(Data records Opens)
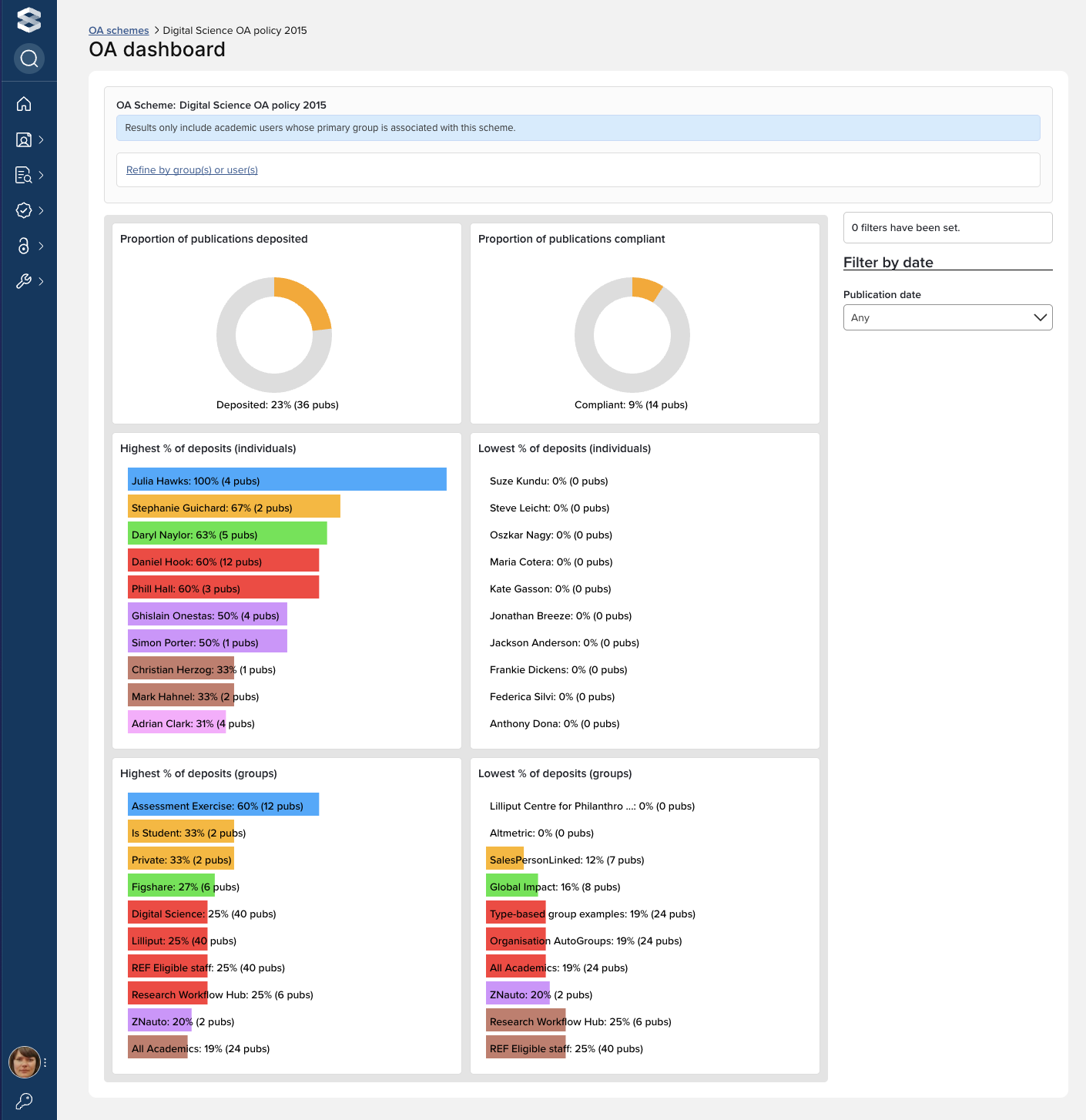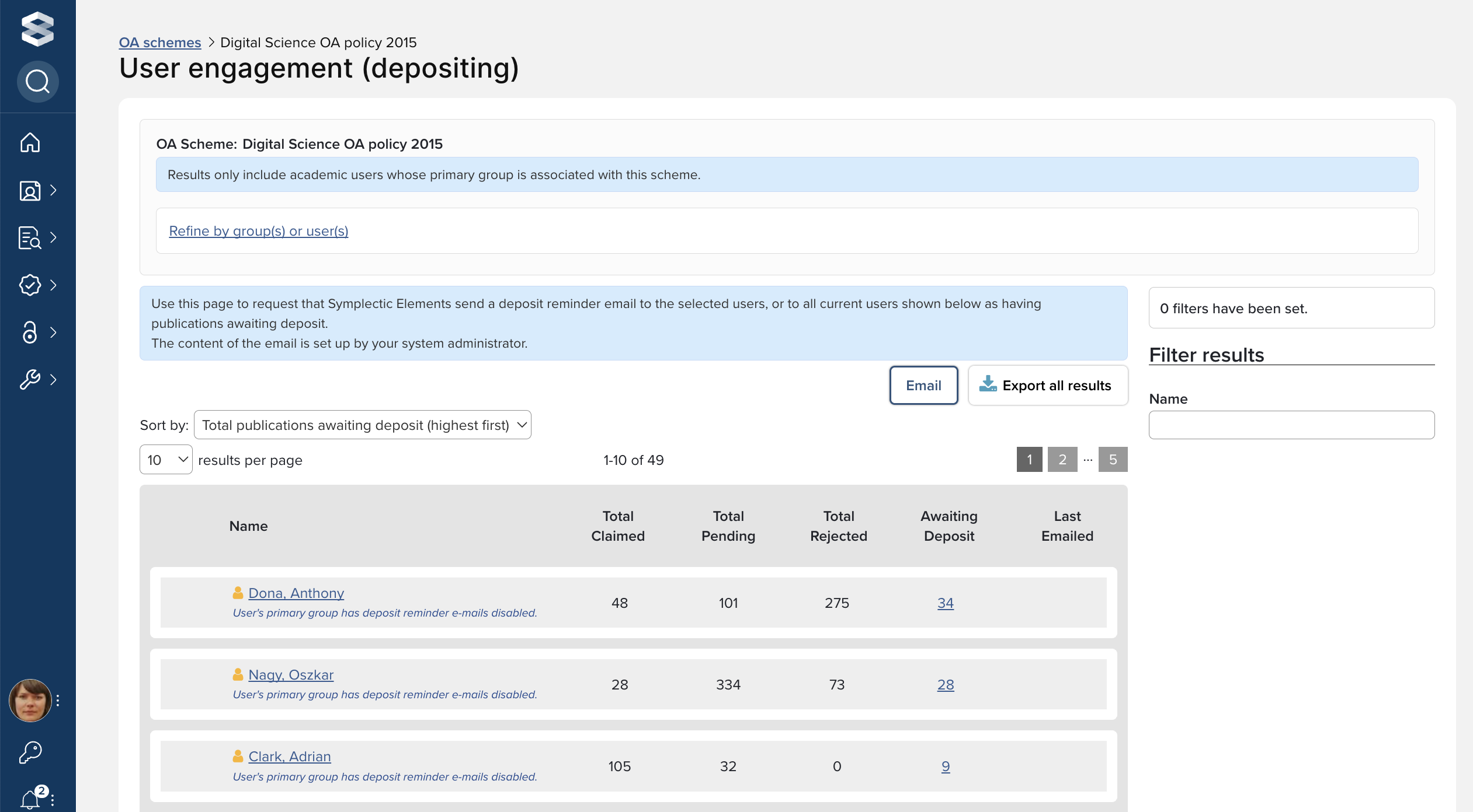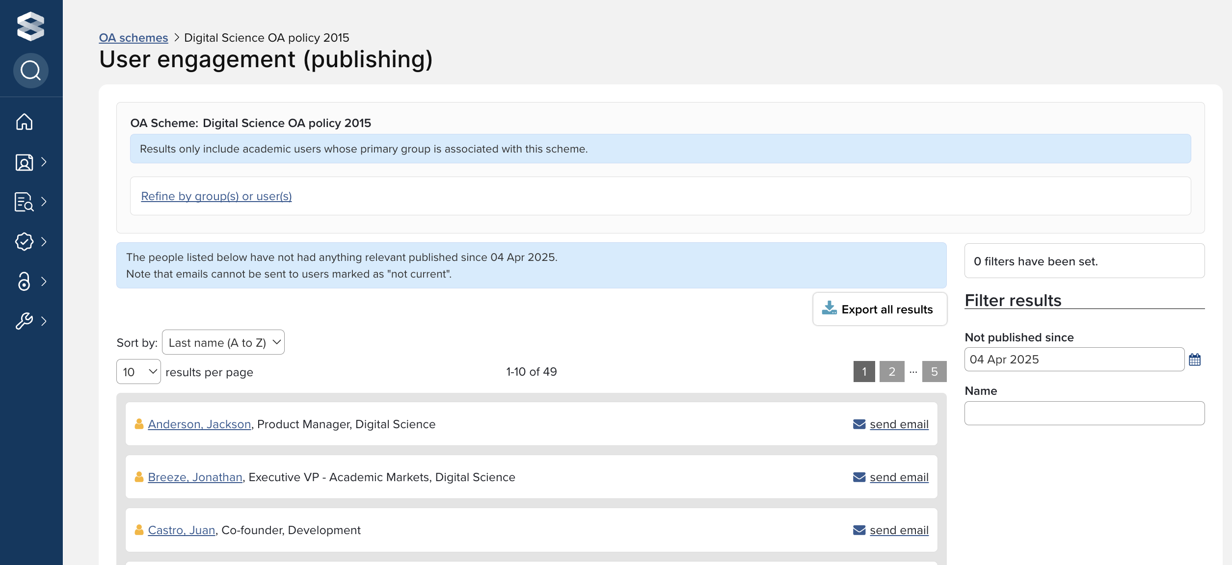 The User Engagement (Publishing) page lists those users within the scope of the OA scheme who have not had any relevant publications accepted in the past 3 months (default filter). From this page you can export the list of users, or email individuals.
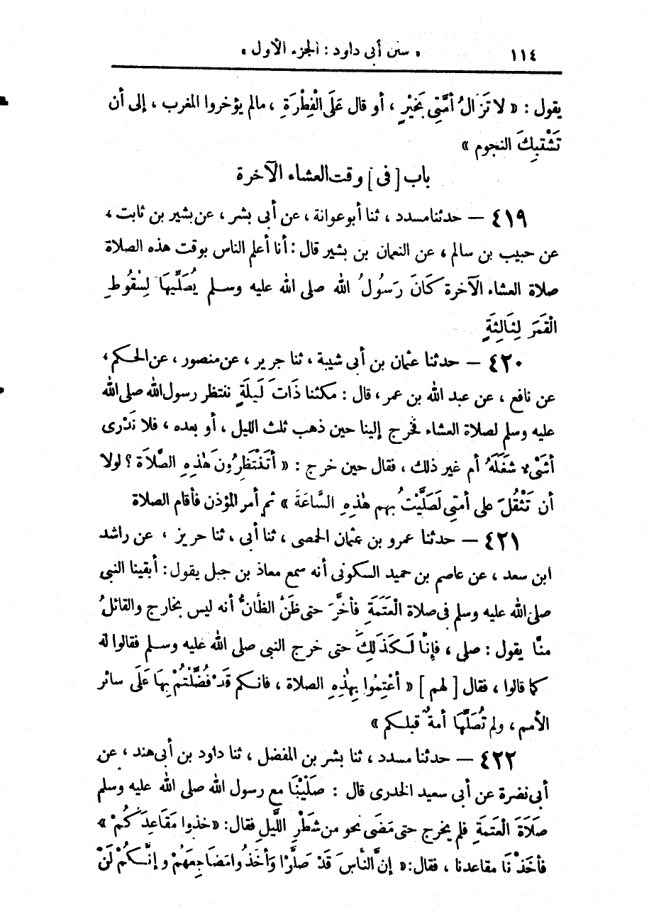 419 - حَدَّثَنَا مُسَدَّدٌ، حَدَّثَنَا أَبُو عَوَانَةَ، عَنْ أَبِي بِشْرٍ، عَنْ بَشِيرِ بْنِ ثَابِتٍ، عَنْ حَبِيبِ بْنِ سَالِمٍ، عَنِ النُّعْمَانِ بْنِ بَشِيرٍ، قَالَ: أَنَا أَعْلَمُ النَّاسِ بِوَقْتِ هَذِهِ الصَّلَاةِ «§صَلَاةِ الْعِشَاءِ الْآخِرَةِ كَانَ رَسُولُ اللَّهِ صَلَّى اللهُ عَلَيْهِ وَسَلَّمَ يُصَلِّيهَا لِسُقُوطِ الْقَمَرِ لِثَالِثَةٍ»
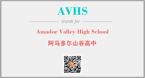 上述内容是“Amador Valley High School”作为“AVHS”的缩写,解释为“阿马多尔山谷高中”时的信息,以及英文缩略词AVHS所代表的英文单词,其对应的中文拼音、详细解释以及在英文中的流行度和相关分类、应用领域及应用示例等。
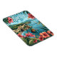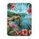 Eine lebendige und nostalgische Darstellung eines tropischen Strandes in Sizilien, die die atemberaubende Schönheit der Küste der Insel zeigt. Der goldene Sand, das klare türkisfarbene Wasser und die üppigen Palmen vor dem Hintergrund einer ruhigen, mediterranen Landschaft zeichnen das Hotel aus. Das Vintage Kunstwerk erinnert an den entspannenden und exotischen Reiz der tropischen Strände Siziliens und lädt die Besucher ein, die sonnenverwöhnte Küste und das ruhige Ambiente zu erleben.
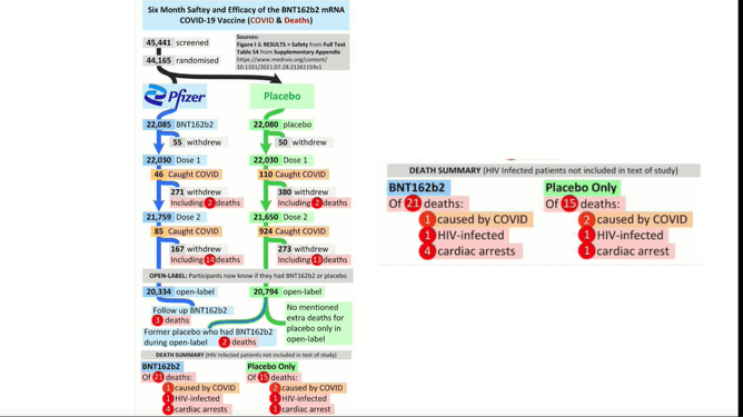 But that’s not all, in the jabbed group 4 people suffered cardiac arrest and 21 people died. 15 people died in the placebo group too but did we hear about it NO. Then they un-blinded the trials and gave all the placebo group the jab destroying the control! They committed FRAUD.
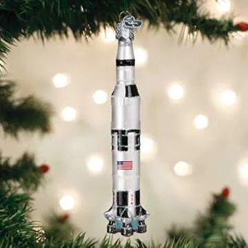 Old World Christmas Saturn V Rocket Glass Blown Ornament for Tree
(Data records Closes)
What to produce: The required answer is the lines from the one that contains "But that’s not" through the last line of the records, restated word for word, with every picture dropped.

Answer space:
 But that’s not all, in the jabbed group 4 people suffered cardiac arrest and 21 people died. 15 people died in the placebo group too but did we hear about it NO. Then they un-blinded the trials and gave all the placebo group the jab destroying the control! They committed FRAUD.
 Old World Christmas Saturn V Rocket Glass Blown Ornament for Tree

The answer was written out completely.